◆ YOUR INSTRUCTIONS ◆
Using the data below, reproduce exactly the lines from the line with "Crafted with meticulous" to the line with "A cute and mischievous", both included; pictures must be dropped.

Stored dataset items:
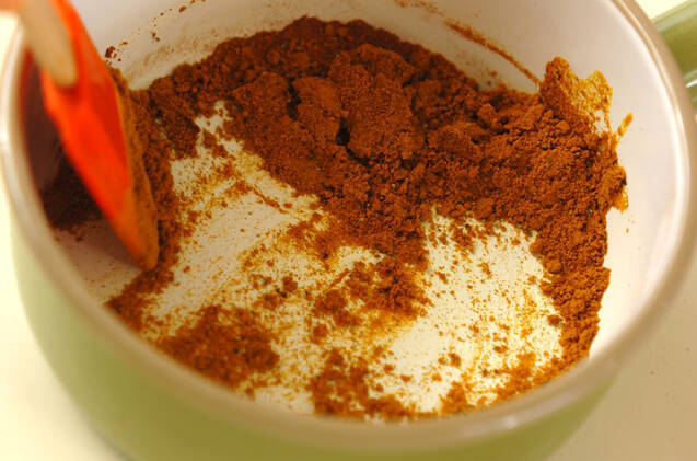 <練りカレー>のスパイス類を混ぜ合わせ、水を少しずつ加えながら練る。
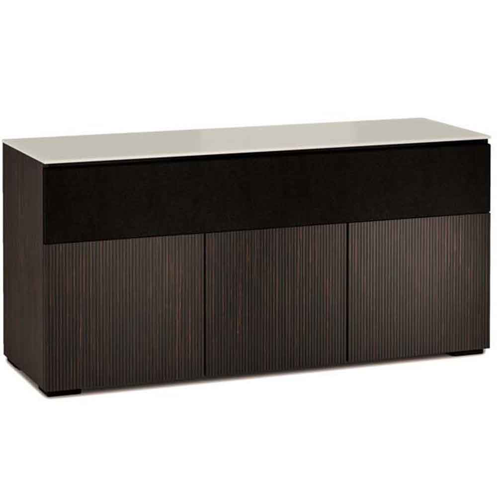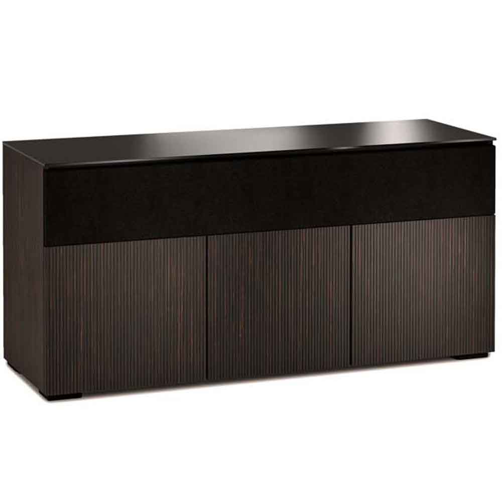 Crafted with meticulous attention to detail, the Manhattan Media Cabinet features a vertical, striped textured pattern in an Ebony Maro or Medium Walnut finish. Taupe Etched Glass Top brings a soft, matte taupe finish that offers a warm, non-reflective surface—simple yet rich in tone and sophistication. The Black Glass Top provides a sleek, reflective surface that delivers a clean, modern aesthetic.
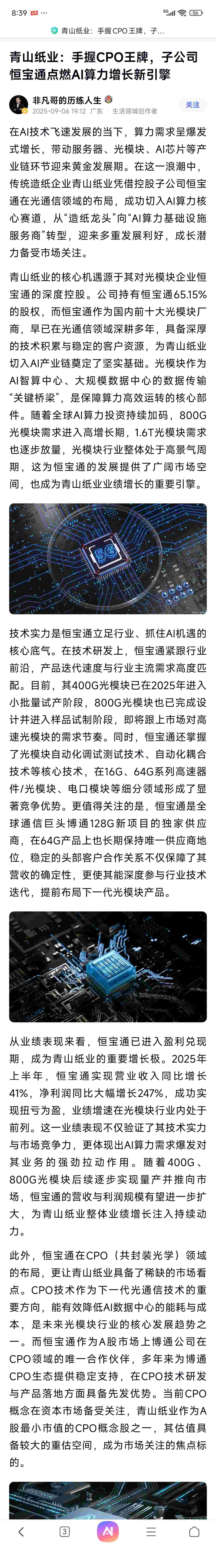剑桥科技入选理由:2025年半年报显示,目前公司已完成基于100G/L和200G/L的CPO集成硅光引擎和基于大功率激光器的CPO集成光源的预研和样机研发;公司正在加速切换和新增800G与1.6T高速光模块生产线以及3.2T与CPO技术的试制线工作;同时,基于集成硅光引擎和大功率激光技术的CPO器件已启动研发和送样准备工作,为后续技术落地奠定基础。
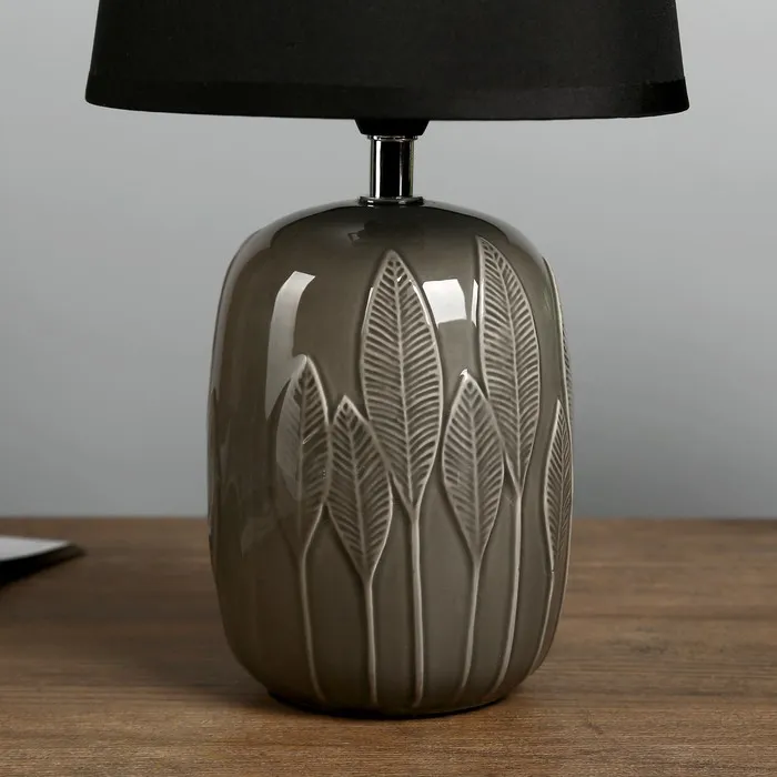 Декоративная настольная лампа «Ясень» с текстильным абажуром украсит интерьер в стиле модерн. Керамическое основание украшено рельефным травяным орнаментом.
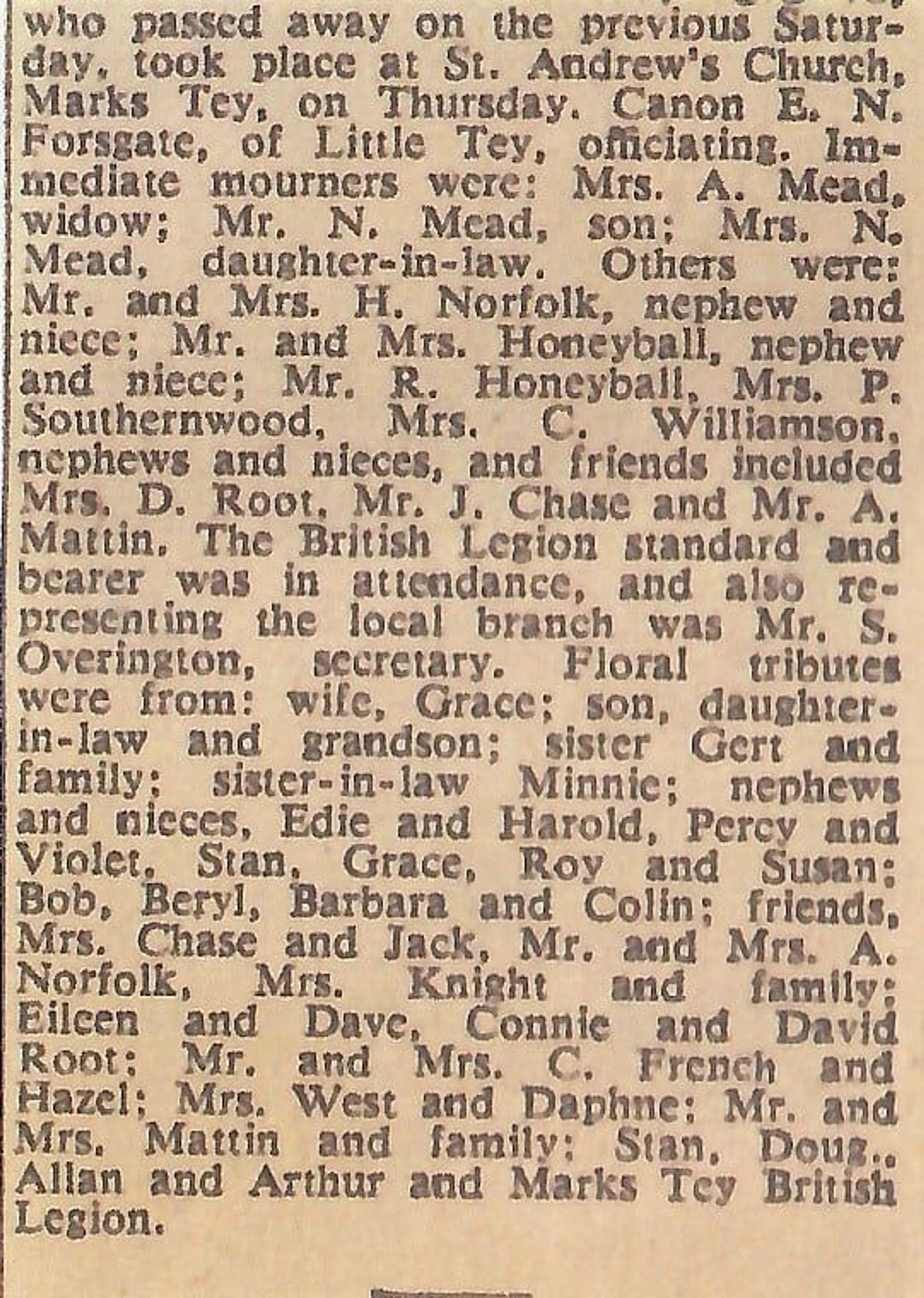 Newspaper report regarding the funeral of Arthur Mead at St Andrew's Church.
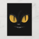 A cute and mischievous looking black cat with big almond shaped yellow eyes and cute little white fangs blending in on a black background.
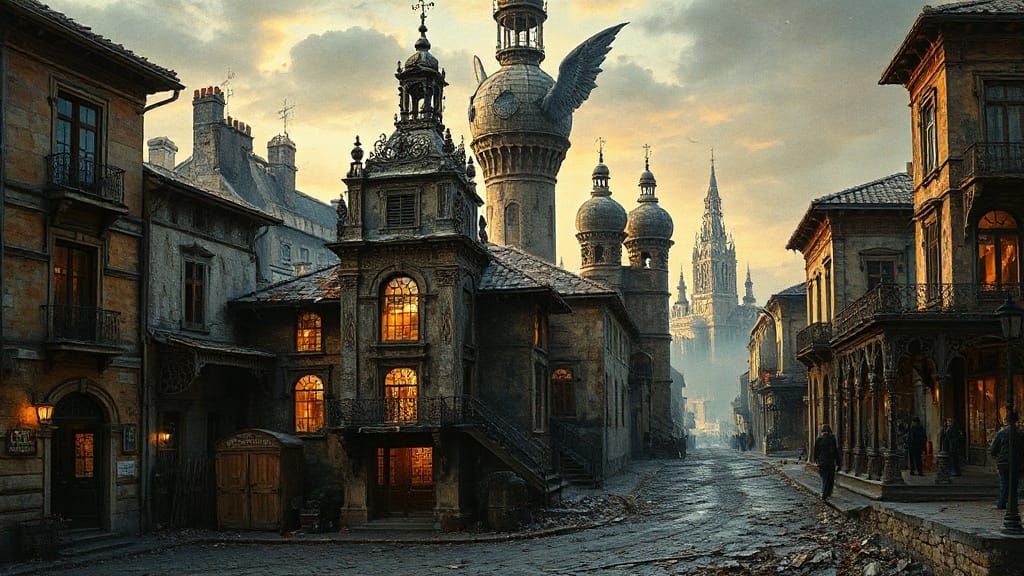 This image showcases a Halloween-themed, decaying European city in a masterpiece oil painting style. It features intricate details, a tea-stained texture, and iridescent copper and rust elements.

◆ FINAL ANSWER ◆
 Crafted with meticulous attention to detail, the Manhattan Media Cabinet features a vertical, striped textured pattern in an Ebony Maro or Medium Walnut finish. Taupe Etched Glass Top brings a soft, matte taupe finish that offers a warm, non-reflective surface—simple yet rich in tone and sophistication. The Black Glass Top provides a sleek, reflective surface that delivers a clean, modern aesthetic.
剑桥科技入选理由:2025年半年报显示,目前公司已完成基于100G/L和200G/L的CPO集成硅光引擎和基于大功率激光器的CPO集成光源的预研和样机研发;公司正在加速切换和新增800G与1.6T高速光模块生产线以及3.2T与CPO技术的试制线工作;同时,基于集成硅光引擎和大功率激光技术的CPO器件已启动研发和送样准备工作,为后续技术落地奠定基础。
 Декоративная настольная лампа «Ясень» с текстильным абажуром украсит интерьер в стиле модерн. Керамическое основание украшено рельефным травяным орнаментом.
 Newspaper report regarding the funeral of Arthur Mead at St Andrew's Church.
 A cute and mischievous looking black cat with big almond shaped yellow eyes and cute little white fangs blending in on a black background.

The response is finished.